The present study tested CMR in electric hearing with direct stimulation technique, i.e. in the absence of compression or suppression effects of the cochlea. Significant CMR1 and 2 were found for individual participants suggesting that cochlear compression or suppression is not required for CMR.

The signal detection could have been impaired by a limited perceptual segregation between signal and masker caused by their similar pitches and by the absence of TFS cues in electric hearing. TFS cues were not explicitly encoded in the present study, but were shown to contribute to the magnitude of CMR in NH (Schooneveldt and Moore 1987; Pierzycki and Seeber 2010). Our CI participants nevertheless consistently reported hearing a clear “beep” in the presence of a “dialling tone” background, suggesting that the temporal properties of the signal and masker were discriminable. However, it seems that both signal and masker were perceived as having a tone-like pitch, presumably relating to the place pitch of the OFB electrode (Carlyon et al. 2010).

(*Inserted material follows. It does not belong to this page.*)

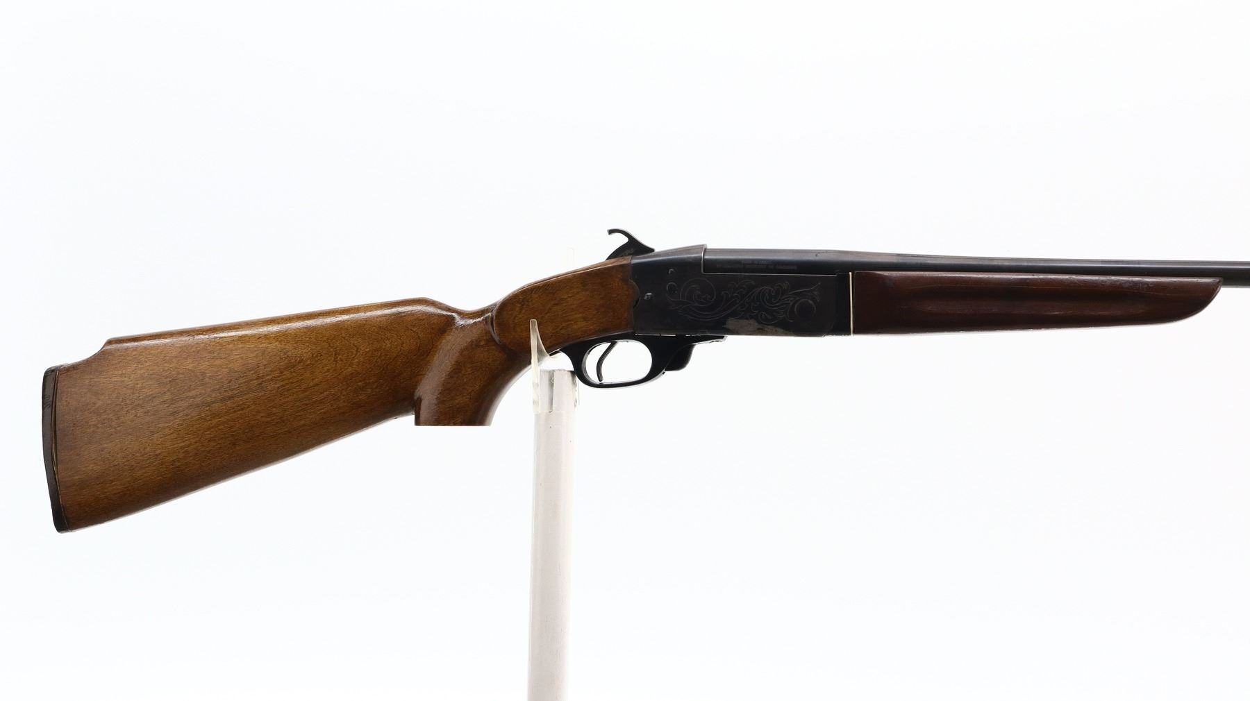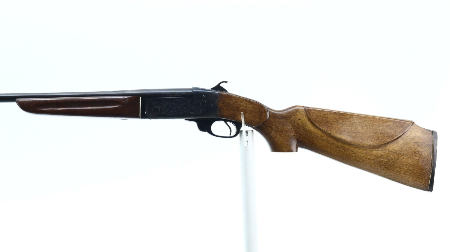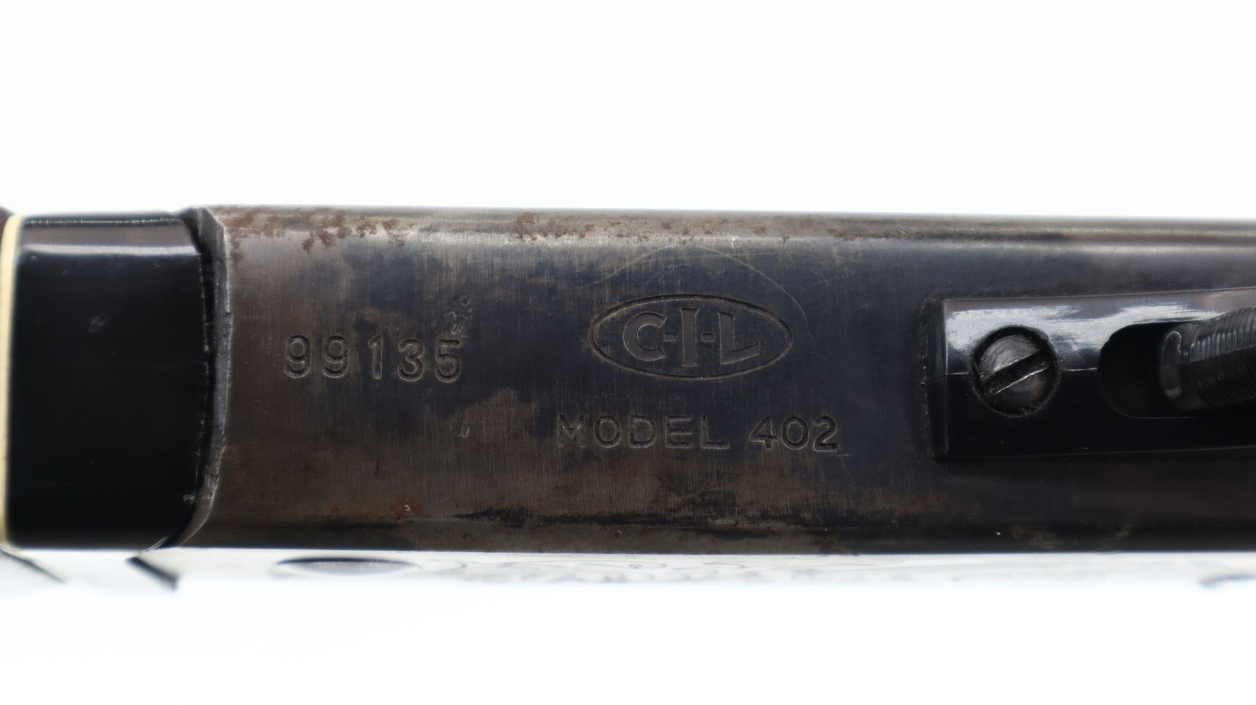 6/10, CIL, MODEL: 402, CALIBER:410 G X 3", BORE IS VERY GOOD. FIXED FULL CHOKE. BRASS BEAD, ROUND BARREL, GROOVED SPUR HAMMER, EJECTOR, ENGRAVED RECEIVER. TWO PIECE WOOD STOCKS, FINGER GROOVED FOREND, PISTOL GRIP, REPLACEMENT BUTT STOCK, CHEEK REST, GROOVED BLACK POLYMER BUTT PLATE. METAL FINISH SHOWS SOME LIGHT RUST SPECKLES, SCRATCHES, HANDLING MARKS AND WEAR. STOCKS SHOW SOME MARKS, SCRATCHES AND WEAR. , ACTION: HINGED SINGLE SHOT SHOTGUN, BARREL LENGTH: 28", SERIAL # 99135, CONDITION: 6/10, CLASS: CANADIAN NON RESTRICTED

Implications for Development and Performance with CIs

Significant CMR2 found in all experiments suggests that comodulation can generally improve signal detection in noise in electric hearing. This may occur in situations where envelopes are highly co-modulated across channels or by applying specific envelope processing algorithms. These approaches would have to increase the across-electrode similarity of the low-rate envelope modulations that are faithfully represented in the auditory nerve and at higher levels of the auditory system (Middlebrooks 2008). The recently proposed modified F0mod strategy, in which the sound's fundamental frequency (F0) is estimated and used for the SAM of the envelopes of all CI processor output channels, is an example of a strategy that provides comodulation across electrodes (Milczynski et al. 2009). However, the present results demonstrate that obtaining consistent CMR2 requires sufficient channel independence—a condition that is difficult to achieve with current CIs. Furthermore, the results of our previous studies in NH with vocoded stimuli (Pierzycki and Seeber 2010) suggest that improved encoding of the TFS information would be needed to provide additional cues for segregation of the signal from the masker. These limitations would add to the lack of benefit from comodulation and CMR for speech perception in noise in CI users (Ihlefeld et al. 2012).